My hubby said oh good she can watch the Leeds Rhinos v's Catalan game with me..  i said oh no she can't, she'll with me doing girly things!!!

He thinks one of our boy cats likes Metallica but i've explained that it's Barry Manillow he likes


----------



## wilfiboy (Sep 18, 2010)

What time are you setting off then Victoria ... about 6 lol x


----------



## Salfordnurse (May 4, 2011)

Bet you can't wait!!!!!


----------



## Sarette (Mar 21, 2011)

How very exciting!!!!


----------



## dogtastic (Jun 12, 2011)

Oh wow - so close now  Can't wait to hear all about it - hubby needs to puppysit while you keep us all updated with lots of photos and details! Best wishes, Karen.


----------



## Carol (Jun 12, 2011)

Hope you manage to get some sleep tonight.. but I have a feeling you won't!
enjoy tomorrow, can't wait to see pictures x


----------



## Dylansmum (Oct 29, 2010)

dogtastic said:


> Oh wow - so close now  Can't wait to hear all about it - hubby needs to puppysit while you keep us all updated with lots of photos and details! Best wishes, Karen.

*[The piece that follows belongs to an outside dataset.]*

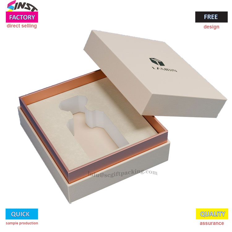 Vad bryr sig kunderna mest om parfympresentförpackningar? Det är inget annat än att "inte skrapa mitt barn" och gör din parfym mer avancerad. Denna presentförpackning är fodrad med White Eva Flannelette, som känns som en "molntäcke" för parfym. Naturligtvis kan du också lagra eterisk olja, ansiktskräm och andra föremål. Lägg glasflaskan i den eteriska oljepresenten i den, inte rädd för små repor på lådväggen; Metallskyddets hörn av ansiktskrämpartisen sitter fast på flanelletten, och färgen kommer inte att gnugga av när du öppnar och stängs. Rose Gold Special Cardboard på periferin är mer solid och lämnar inga märken när de är lätt repade med en nagel. När du lagrar tryckkänsliga föremål som cigarr presentförpackningar kan ramen hålla dem stadigt, mycket mer motståndskraftiga mot fallande än vanliga kartonger.

Not at all - you'll soon learn to do everything, including the internet and going to the toilet, with a puppy on your lap


----------



## Cockapoodledoo (Feb 8, 2011)

HOW EXCITING!!!!! Now do try to get *some* sleep tonight!

Karen and Rufus xx


----------



## mandym (Jun 5, 2011)

Oooooooh how exciting!!!! You wont get any sleep at all tonight!


----------



## JoJo (Mar 2, 2011)

Cockapoos doing like football or rugby and defo not Metallica... ha ha ha

Happy Puppy day tomorrow xxxx


----------



## JoJo (Mar 2, 2011)

Carol said:


> Hope you manage to get some sleep tonight.. but I have a feeling you won't!
> enjoy tomorrow, can't wait to see pictures x


Oh Carol .. can you post a big pic of your Ellie please? Is she Blonde Parti, I just want to see her coat closer as my Eevee is very pale and her coat is changing I think, just want to be noisy and see Ellies up close  

Much appreciated xxxx


----------



## Carol (Jun 12, 2011)

JoJo said:


> Oh Carol .. can you post a big pic of your Ellie please? Is she Blonde Parti, I just want to see her coat closer as my Eevee is very pale and her coat is changing I think, just want to be noisy and see Ellies up close
> 
> Much appreciated xxxx


Lol of course! Any excuse to post a picture of my baby! I think she is more apricot with toffee ears but after her bath in the last pic she looks quite creamy. here are a few ...Do you think /eevee is getting darker? xx


----------



## raywendy18 (Apr 26, 2011)

How cute - she looks very similar to my Pippa! After lots of cuddles and closer inspections during our first week Pippa, it seems only the tips of the hair are 'apricot' and she's more 'creamier' underneath (with 'toffee' ears too!). I too was wondering whether she will get lighter or darker when she gets her adult coat - it will be interesting to wait and see!


----------



## Vic3112 (Mar 25, 2011)

Well guys she is here!!! She didn't sleep at all on the journey home (1 hour) and was far more interested in what was going on around her. We got to about 5 minutes before home and she was sick - bless her. She has pooed outside already and only done a little wee in the house. Our cats don't seem too fazed by her which is good. We love her so much already!!! xx


----------



## wilfiboy (Sep 18, 2010)

Brilliant Victoria, you new babies home.... glad she's already bringing more happiness than Leeds Rhinos


----------



## Vic3112 (Mar 25, 2011)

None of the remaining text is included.